Click here or on the image shown in this blog to watch the impact of greenhouse gasses year by year or decade by decade in a very cool video of the earth.  Watch the video at that link closely for the impact of greenhouse gasses from 1950, just two years after I was born, until to today.

There is a renewed bipartisan interest in a carbon tax, as reported in an August Wall Street Journal story, including those at The Energy and Enterprise Initiative, a think tank formed by Republicans.

Social conservatives including many Evangelical Christians will be important to our coming together as a nation to address climate change.  Jenkins, the VP of Government and Political Affairs for ConservAmerica, formerly Republicans for Environmental Protection, laid this out in a 2009 brief entitled God’s Climate Plan, where he concluded:

“Once we, as Christians, understand how God has designed the earth to keep its chemistry in balance and support life, we have an obligation to respect that design and live within it.”

In their 2009 book entitled A Climate for Change: Global Warming Facts for Faith-Based Decisions, co-authors Dr. Katharine Hayhoe, a climate scientist and Dr. Andrew Farley, a pastor, describe the need for urgency in addressing climate change and propose a Christian basis for action.

They note that:

“In the United States, individuals and households produce 21% of the nation’s heat-trapping gas emissions. Another 17 percent is produced by personal transportation.  As individuals, that means we control more than a third of the country’s greenhouse gas budget.”
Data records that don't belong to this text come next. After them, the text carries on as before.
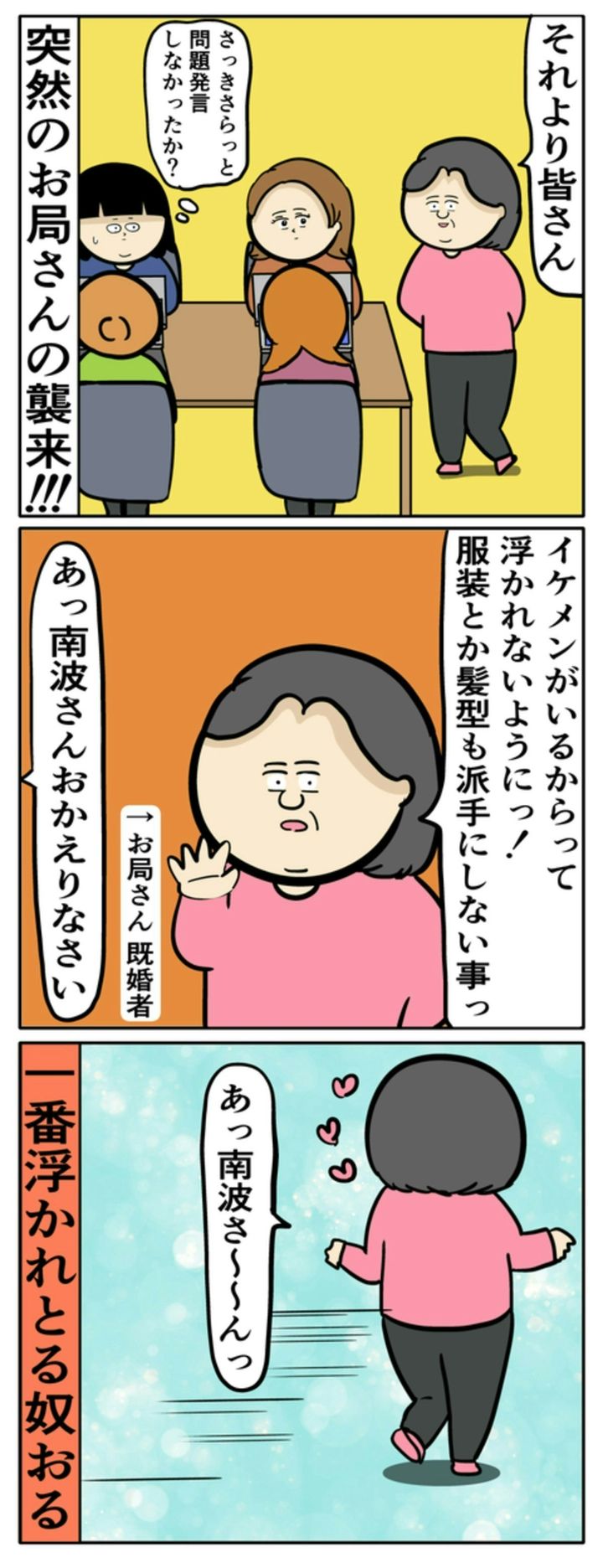 キラキラオーラを放つイケメン社員・「南波さん」が、岡田さんの部署へと異動してきました。女性社員が南波さんの話題で盛り上がっていたところ、すかさずお局が話に割り込んできました。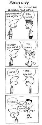 Allison M. Schneider (left) confronts Chris D. Smith ’13 and Emily K. Lydic ‘14 in Dramashop’s dark comedy, No Exit.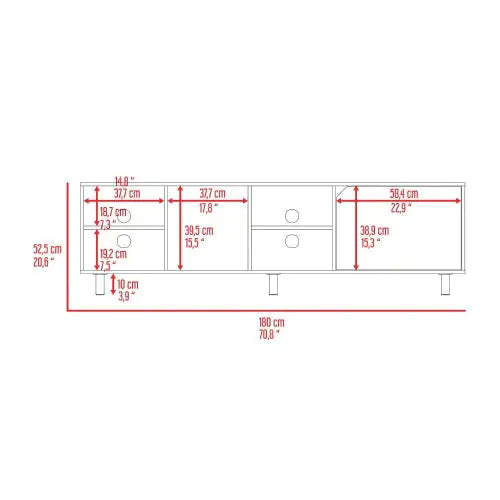 Product Name:Conquest Tv Stand for TV´s up 70", Four Open Shelves, Five Legs, Light Oak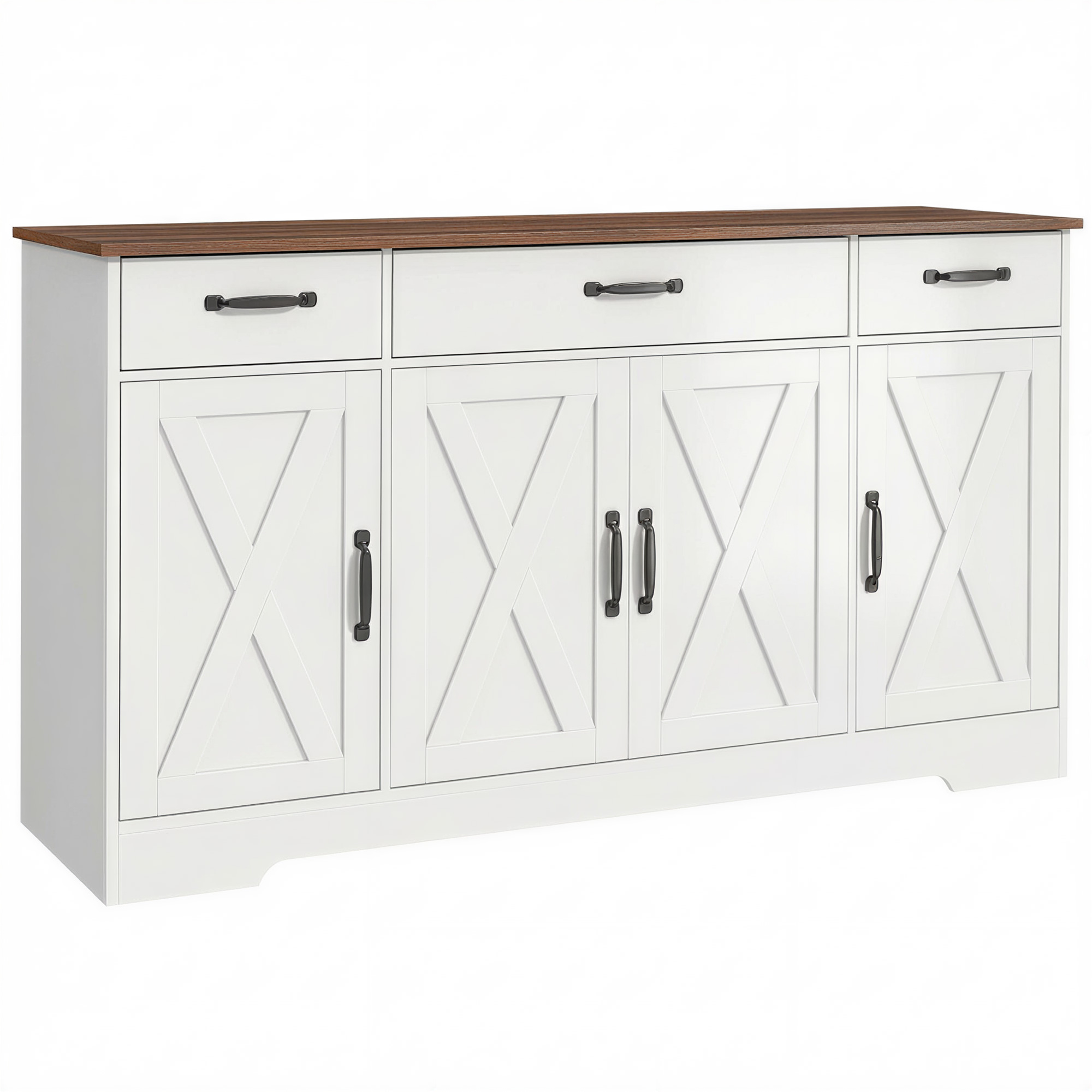 HOMCOM Bufet, mobilier de depozitare pentru bucătărie în stil rustic cu 4 uși tip hambar, 3 sertare, etajere reglabile, alb | Aosom Romania

It is easy to feel futile as my friend Jason Walser, a young lawyer and conservationist, does as he bicycles to work each day in Salisbury, a community in central North Carolina, as he passes a freight train consisting of nearly 200 carloads of coal which are required daily by a nearby Duke Energy power plant.

All this said, I still have a feeling that we’re turning the corner on the debate over climate change and that soon we’ll apply our collective efforts to successfully reverse this problem.

However, while collective action at the national and global level is critical, it is just as important to ensuring a future for our children and grandchildren that we apply the technology now available to pinpoint our efforts to address climate change at the household, street, neighborhood and community level.